* _Data below_
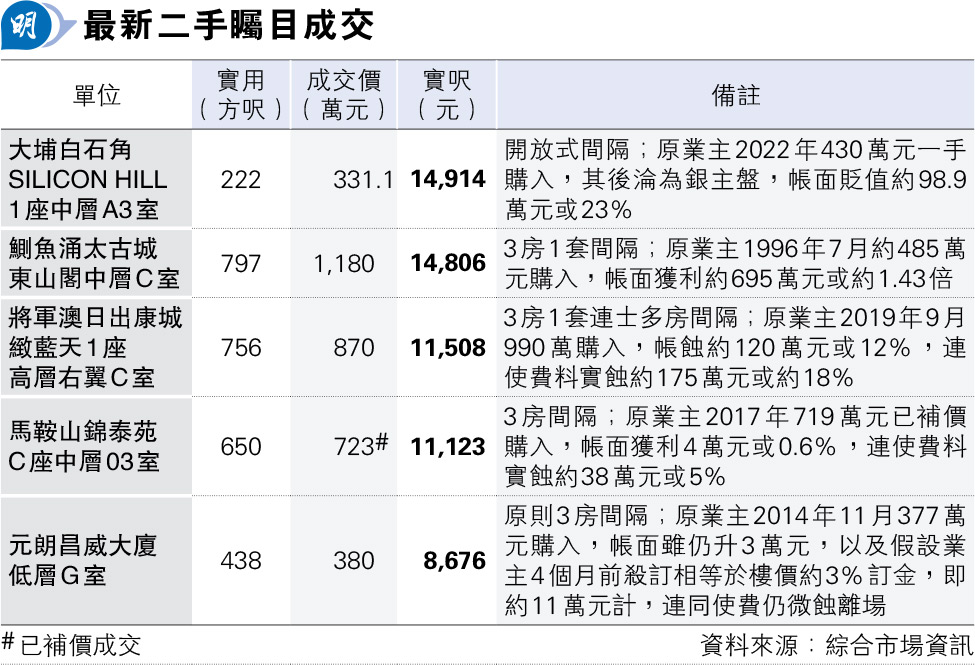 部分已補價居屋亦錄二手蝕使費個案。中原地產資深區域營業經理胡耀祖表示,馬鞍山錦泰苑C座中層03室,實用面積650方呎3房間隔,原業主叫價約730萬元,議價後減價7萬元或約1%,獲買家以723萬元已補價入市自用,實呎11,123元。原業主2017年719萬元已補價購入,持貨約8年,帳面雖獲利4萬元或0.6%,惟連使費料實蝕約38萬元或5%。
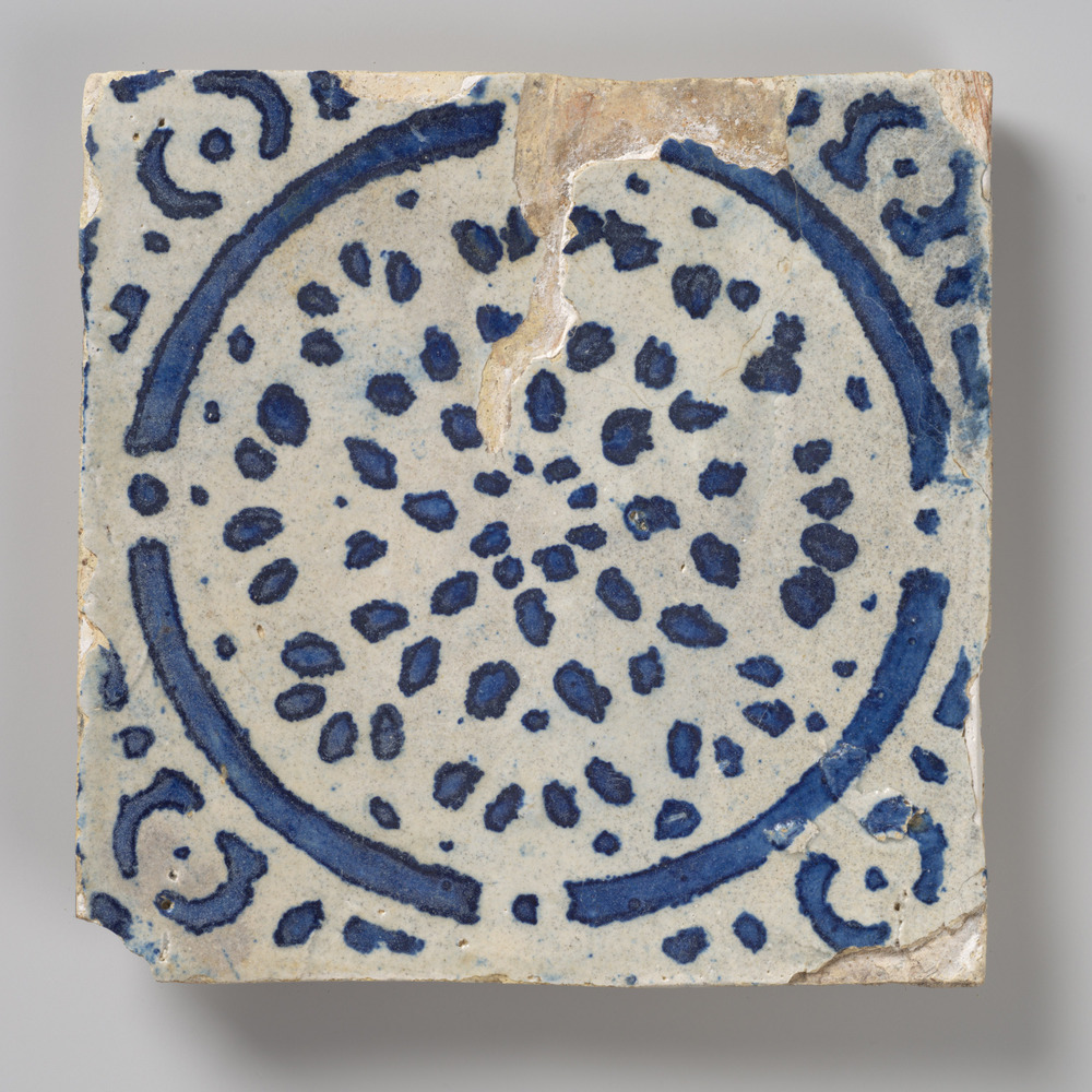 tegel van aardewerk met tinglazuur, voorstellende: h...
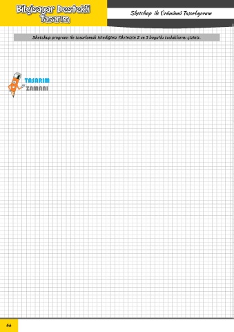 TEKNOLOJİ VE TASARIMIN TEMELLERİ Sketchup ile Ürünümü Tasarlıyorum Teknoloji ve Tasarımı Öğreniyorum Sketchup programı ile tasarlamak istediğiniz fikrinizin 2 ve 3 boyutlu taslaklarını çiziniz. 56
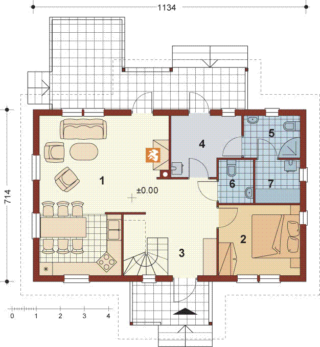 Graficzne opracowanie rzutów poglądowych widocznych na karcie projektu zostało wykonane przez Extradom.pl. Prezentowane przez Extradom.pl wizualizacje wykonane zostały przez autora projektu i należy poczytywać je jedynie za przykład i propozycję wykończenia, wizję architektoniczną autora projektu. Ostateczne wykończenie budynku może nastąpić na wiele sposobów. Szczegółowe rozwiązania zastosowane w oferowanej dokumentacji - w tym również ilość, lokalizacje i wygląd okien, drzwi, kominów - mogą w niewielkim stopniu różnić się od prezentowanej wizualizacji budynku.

* _Task directions_
Every line above gets copied exactly; none of the pictures do.

* _Answer box_
 部分已補價居屋亦錄二手蝕使費個案。中原地產資深區域營業經理胡耀祖表示,馬鞍山錦泰苑C座中層03室,實用面積650方呎3房間隔,原業主叫價約730萬元,議價後減價7萬元或約1%,獲買家以723萬元已補價入市自用,實呎11,123元。原業主2017年719萬元已補價購入,持貨約8年,帳面雖獲利4萬元或0.6%,惟連使費料實蝕約38萬元或5%。
 tegel van aardewerk met tinglazuur, voorstellende: h...
 TEKNOLOJİ VE TASARIMIN TEMELLERİ Sketchup ile Ürünümü Tasarlıyorum Teknoloji ve Tasarımı Öğreniyorum Sketchup programı ile tasarlamak istediğiniz fikrinizin 2 ve 3 boyutlu taslaklarını çiziniz. 56
 Graficzne opracowanie rzutów poglądowych widocznych na karcie projektu zostało wykonane przez Extradom.pl. Prezentowane przez Extradom.pl wizualizacje wykonane zostały przez autora projektu i należy poczytywać je jedynie za przykład i propozycję wykończenia, wizję architektoniczną autora projektu. Ostateczne wykończenie budynku może nastąpić na wiele sposobów. Szczegółowe rozwiązania zastosowane w oferowanej dokumentacji - w tym również ilość, lokalizacje i wygląd okien, drzwi, kominów - mogą w niewielkim stopniu różnić się od prezentowanej wizualizacji budynku.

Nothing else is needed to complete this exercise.